From the material below, copy exactly the lines beginning with the one that contains "Mantel rectangular 100%" and ending with the one that contains "Dekat dengan Masyarakat, Personil"; the pictures stay out.

- [Exercise materials]:
======

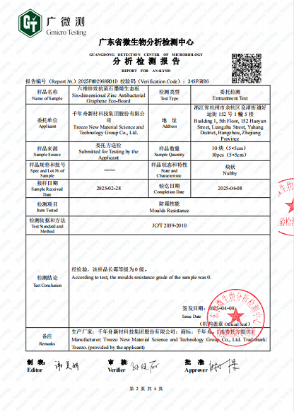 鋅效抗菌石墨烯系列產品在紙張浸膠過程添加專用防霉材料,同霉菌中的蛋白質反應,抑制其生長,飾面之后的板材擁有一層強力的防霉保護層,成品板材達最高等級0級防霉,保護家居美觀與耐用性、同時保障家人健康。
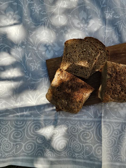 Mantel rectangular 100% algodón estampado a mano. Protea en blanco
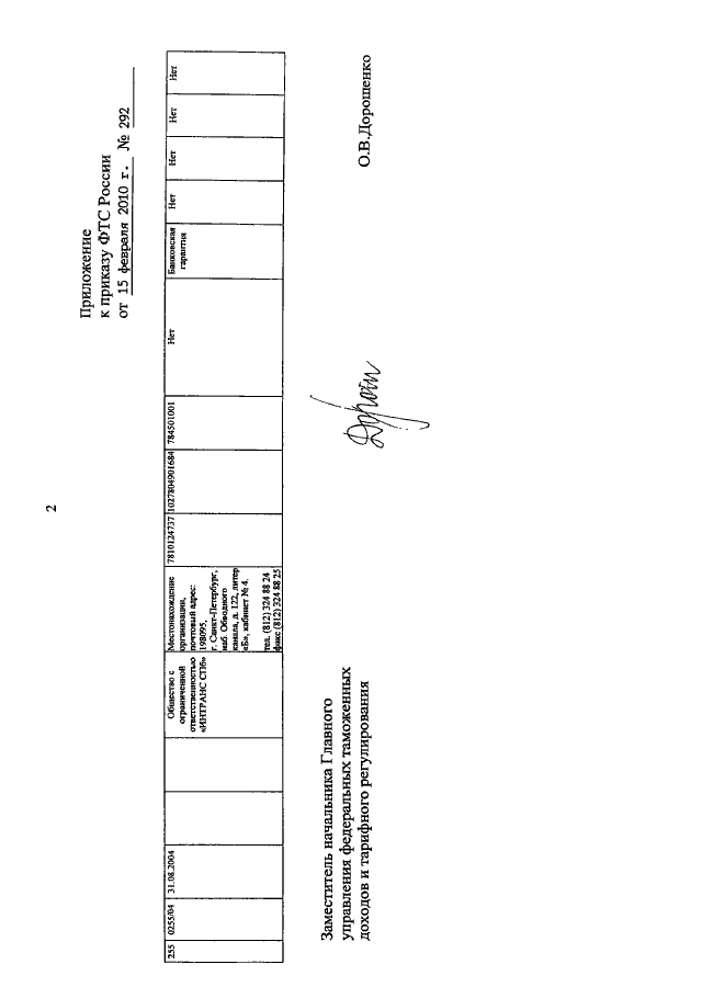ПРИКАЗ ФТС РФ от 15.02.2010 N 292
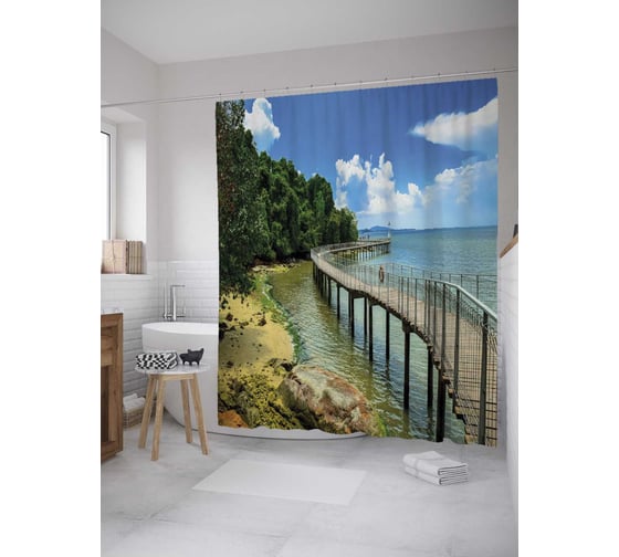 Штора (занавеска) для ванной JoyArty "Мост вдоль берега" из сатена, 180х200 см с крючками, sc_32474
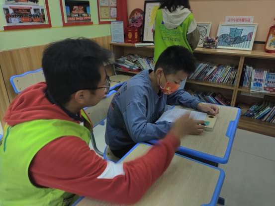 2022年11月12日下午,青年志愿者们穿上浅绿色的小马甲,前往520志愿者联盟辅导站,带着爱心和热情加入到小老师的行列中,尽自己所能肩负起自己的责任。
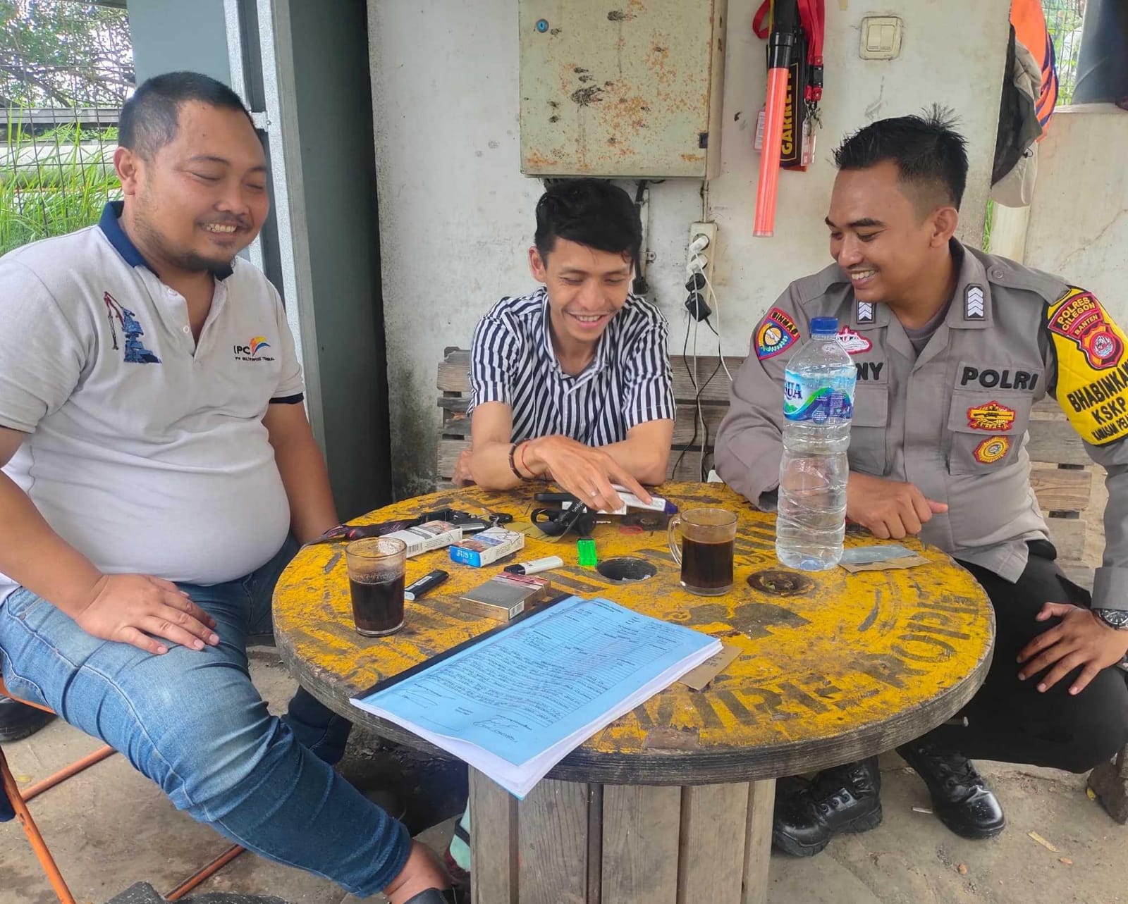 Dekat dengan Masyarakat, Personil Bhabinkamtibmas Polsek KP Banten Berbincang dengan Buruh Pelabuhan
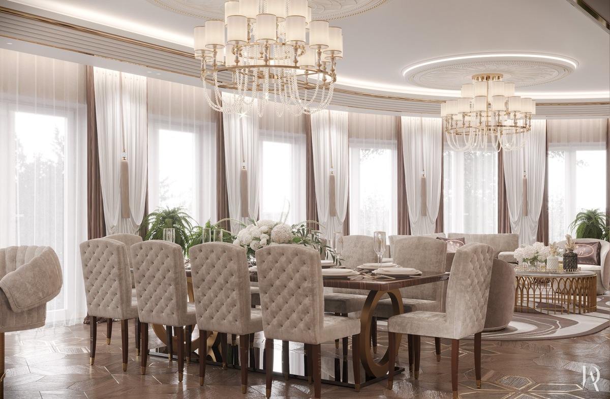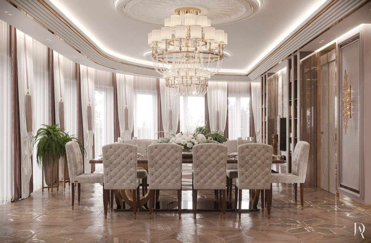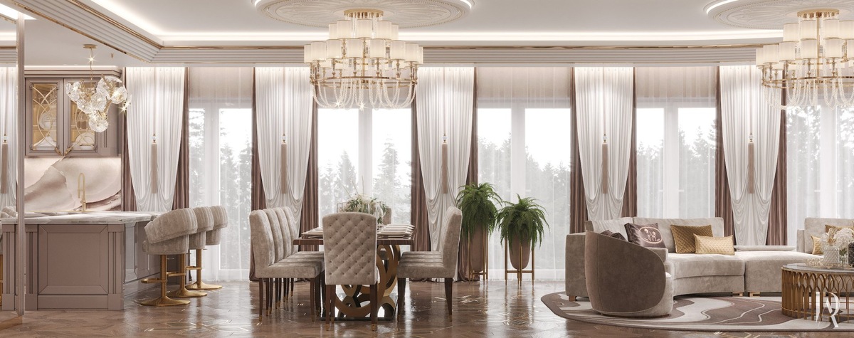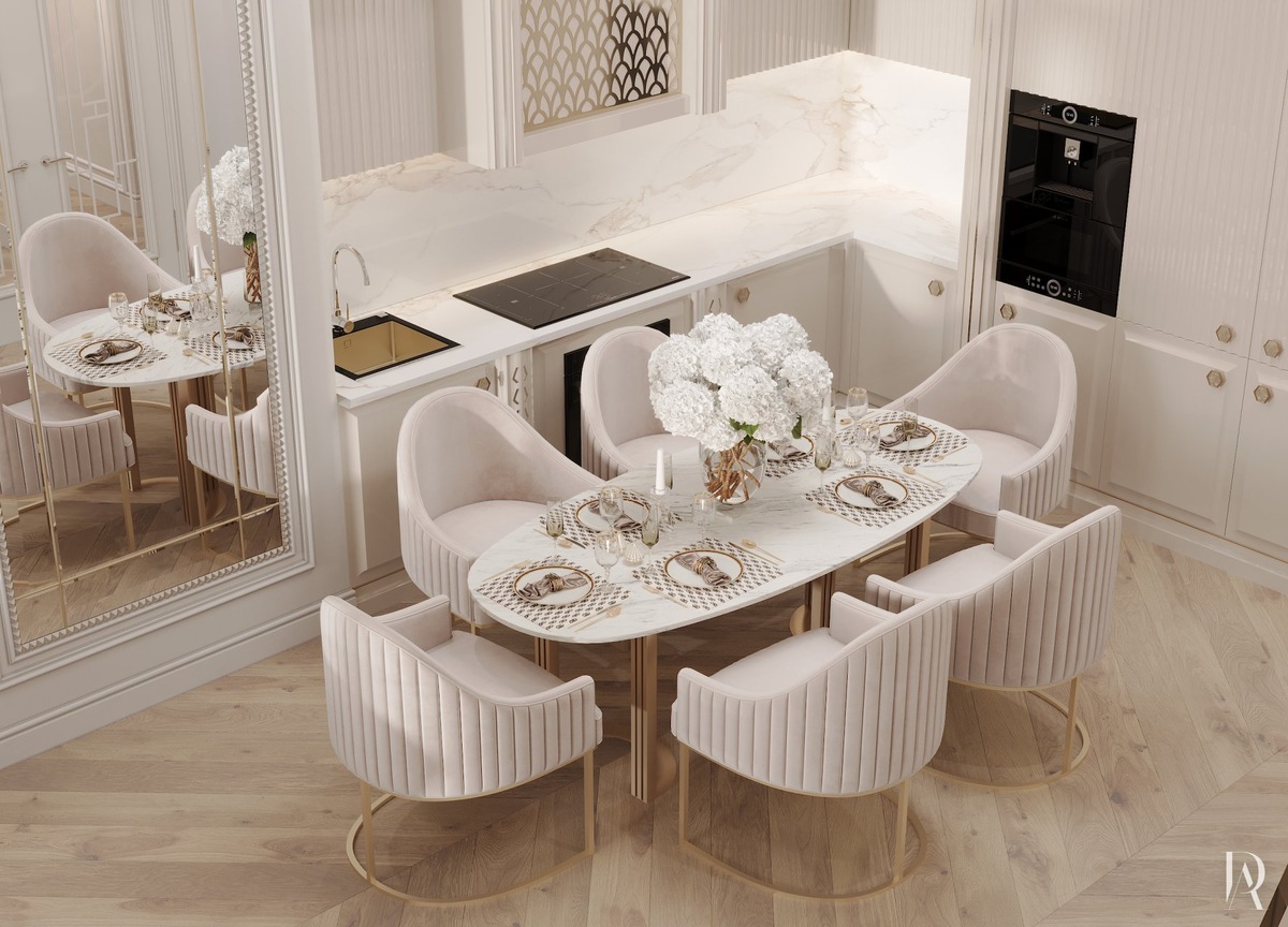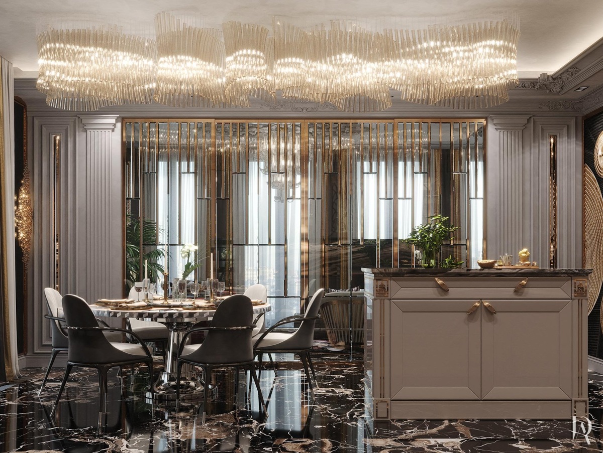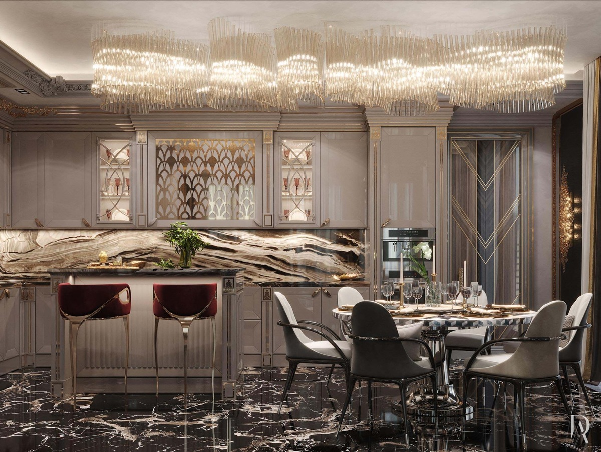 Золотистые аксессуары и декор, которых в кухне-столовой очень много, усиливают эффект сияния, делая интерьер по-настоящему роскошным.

======

- [Written response]:
 Mantel rectangular 100% algodón estampado a mano. Protea en blanco
ПРИКАЗ ФТС РФ от 15.02.2010 N 292
 Штора (занавеска) для ванной JoyArty "Мост вдоль берега" из сатена, 180х200 см с крючками, sc_32474
 2022年11月12日下午,青年志愿者们穿上浅绿色的小马甲,前往520志愿者联盟辅导站,带着爱心和热情加入到小老师的行列中,尽自己所能肩负起自己的责任。
 Dekat dengan Masyarakat, Personil Bhabinkamtibmas Polsek KP Banten Berbincang dengan Buruh Pelabuhan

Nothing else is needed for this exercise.